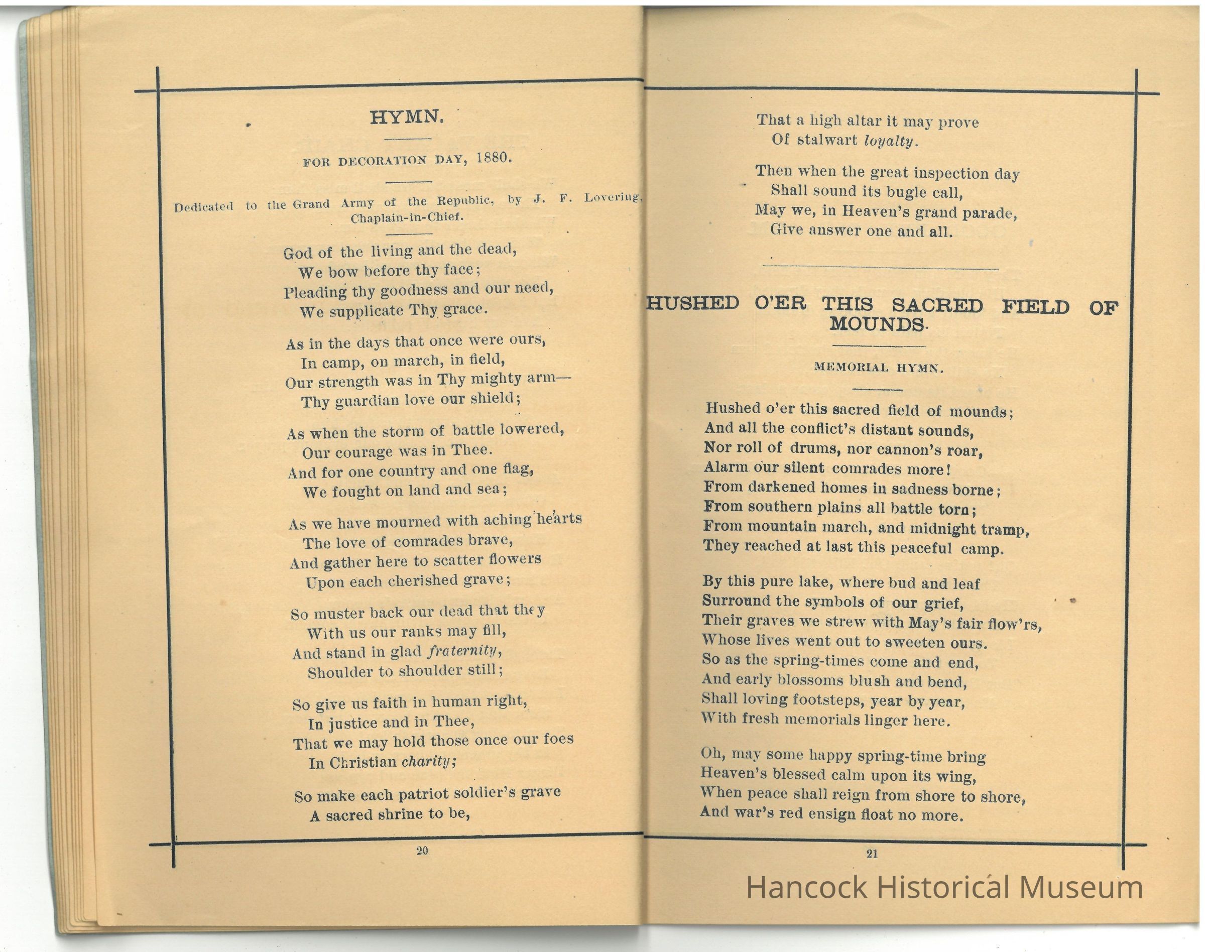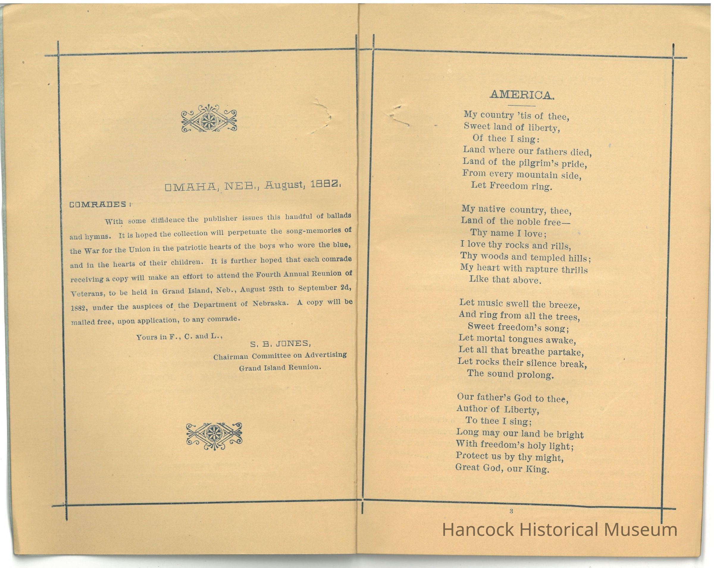 These collections were designed for campfire reunions and memorial services of the Union veterans who "wore the blue".Collection
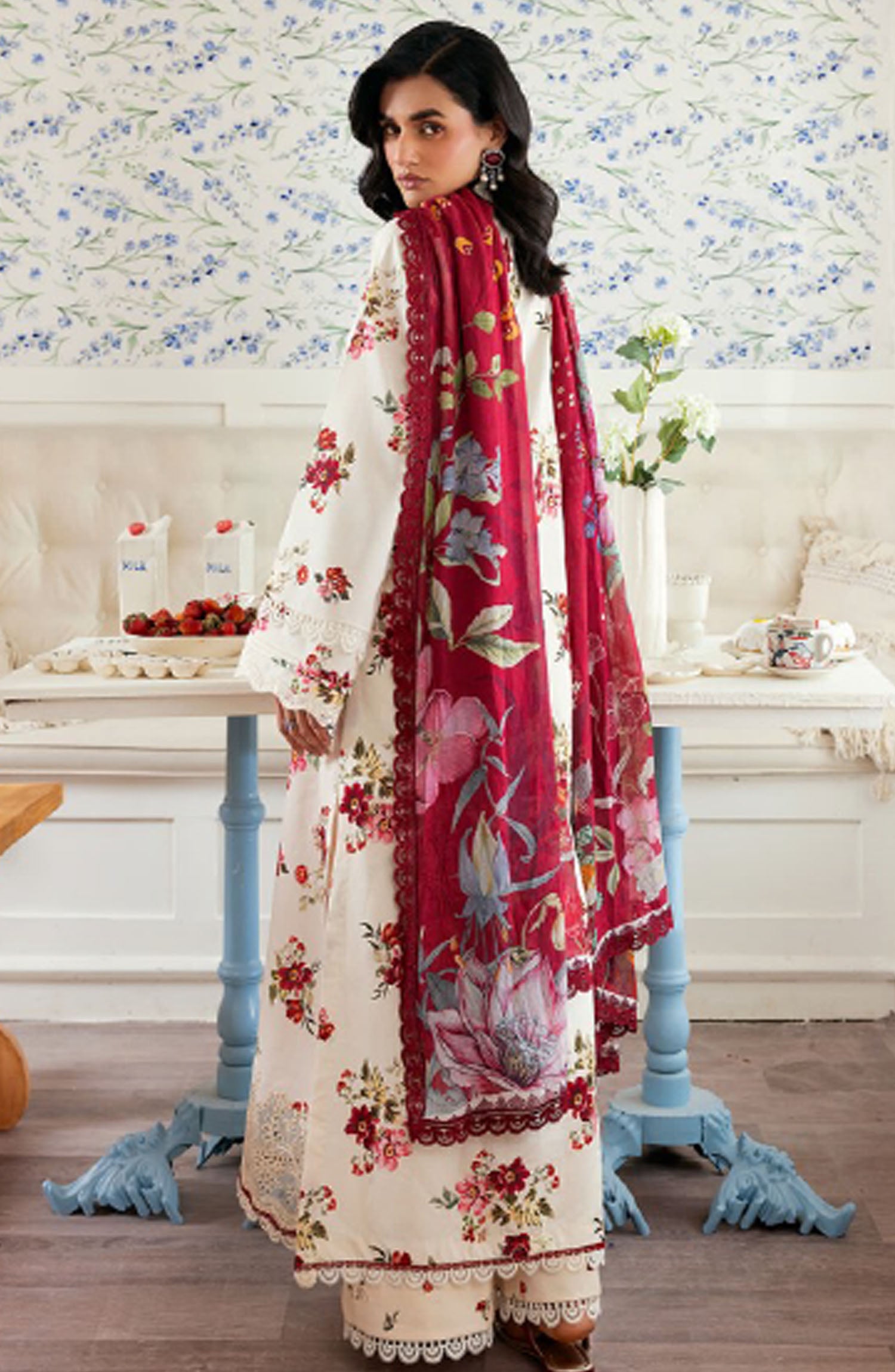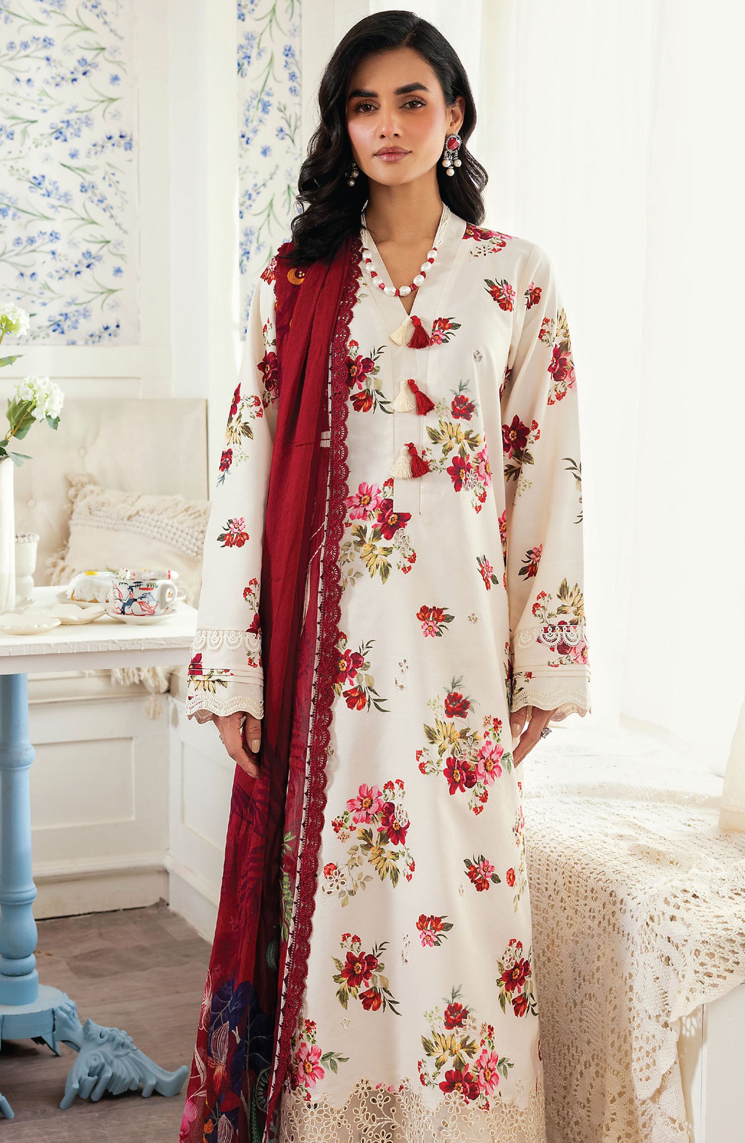 Home Zync by Florent Embroidered Lawn Unstitched 3 Piece Suit - ZY-07 A - FL25ZYL - Off White - Summer Collection
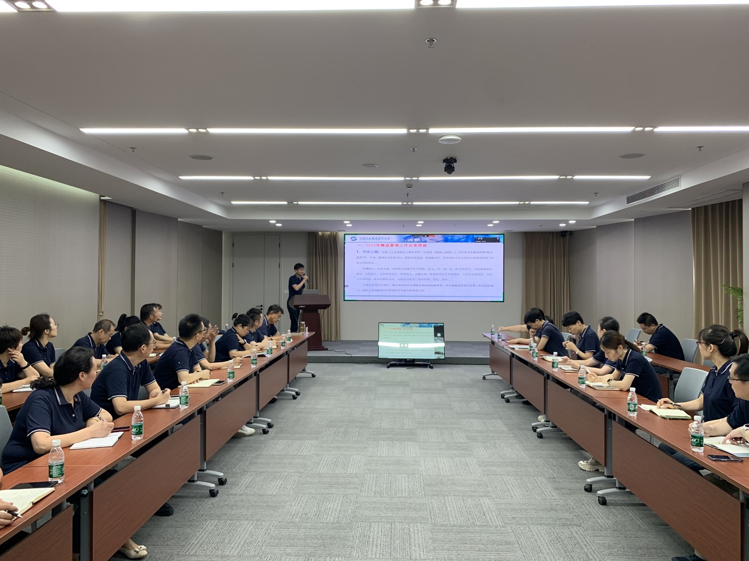 集团公司副总经理陈建主持会议,并总结汇报上半年度全员微创新(Kaizen)、现场改善提升(5S/TPM)、项目管理(SGA/SDA)等重点工作落实开展及总体推进情况,查摆剖析工作中存在的问题和不足,并对下半年工作进行具体部署。
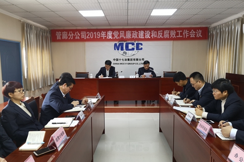 2月25日下午,中国十七冶集团管廊工程技术分公司党委召开2019年党风廉政建设和反腐败工作会议,传达十七冶2019年党风廉政建设和反腐败工作会议精神,总结2018年公司党风廉政建设和反腐败工作,部署2019年工作任务。公司领导班子成员、江西分公司党总支、各党支部书记、机关各部室负责人参加了会议。
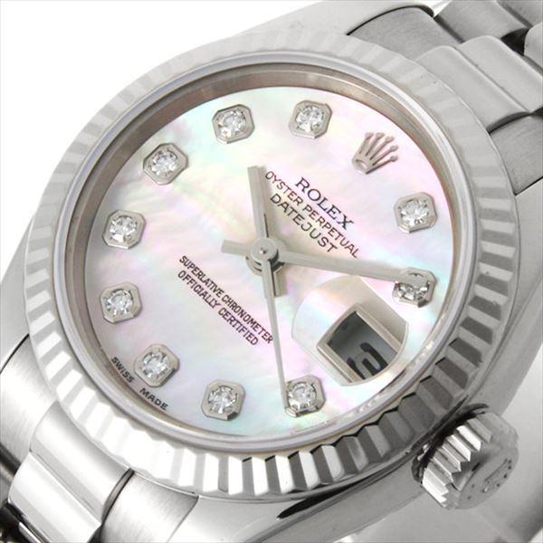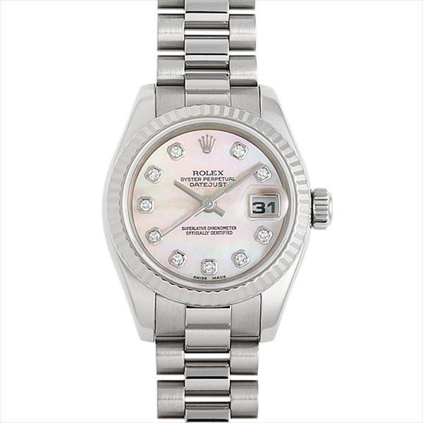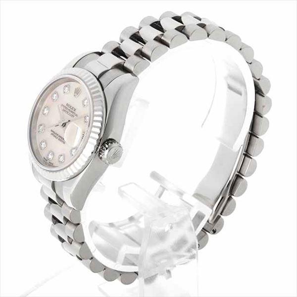 60回払いまで無金利 ロレックス デイトジャスト 10Pダイヤ 179179NG ピンクシェル Y番 中古 レディース 腕時計
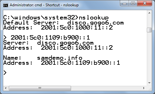 Reverse DNSForward DNS lookups are the normal ones, that start with a domain name like samdemo.info and look up an IPv6 address like 2001:5c0:1000:b::6ac5.Reverse DNS starts with the IPv6 address and looks up the domain name. This is a common test performed by email servers, to detect spammers. If a domain name doesn't resolve with reverse DNS, that indicates that there is something suspicious about the mail server, and some email servers will refuse to accept the mail.
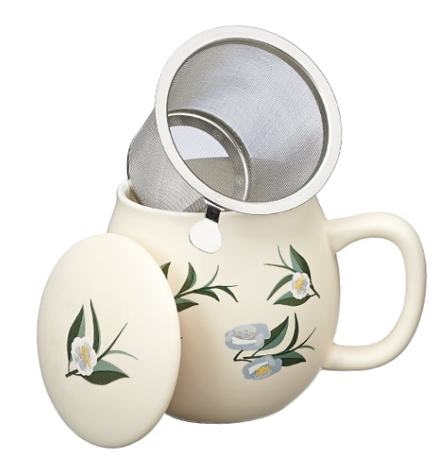 Porseleinen theemok met exclusief La Via del Tè bloempatroon (350 cc) met deksel en roestvrijstalen zeef, ideaal om snel je favoriete thee te bereiden. Het bloempatroon is afkomstig van de verwerking van Camellia Sinensis, een plant die groeit in streken met een warm en vochtig klimaat, en het is de bloem van deze plant die de hoofdrolspeler is in het nieuwe patroon van deze Camilla Camelia theemokken.
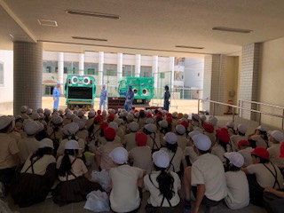 環境事業局の方に来ていただき、パッカー車での収集についてお話を聞きました。

━━━━━━━━━━━━━━━━━━━━━━━━━━━━━━

From the line with "60回払いまで無金利 ロレックス デイトジャスト" to the last line above, restate each line word for word, but skip the pictures.

- [SOLUTION FOR THIS EXERCISE]:
 60回払いまで無金利 ロレックス デイトジャスト 10Pダイヤ 179179NG ピンクシェル Y番 中古 レディース 腕時計
 Reverse DNSForward DNS lookups are the normal ones, that start with a domain name like samdemo.info and look up an IPv6 address like 2001:5c0:1000:b::6ac5.Reverse DNS starts with the IPv6 address and looks up the domain name. This is a common test performed by email servers, to detect spammers. If a domain name doesn't resolve with reverse DNS, that indicates that there is something suspicious about the mail server, and some email servers will refuse to accept the mail.
 Porseleinen theemok met exclusief La Via del Tè bloempatroon (350 cc) met deksel en roestvrijstalen zeef, ideaal om snel je favoriete thee te bereiden. Het bloempatroon is afkomstig van de verwerking van Camellia Sinensis, een plant die groeit in streken met een warm en vochtig klimaat, en het is de bloem van deze plant die de hoofdrolspeler is in het nieuwe patroon van deze Camilla Camelia theemokken.
 環境事業局の方に来ていただき、パッカー車での収集についてお話を聞きました。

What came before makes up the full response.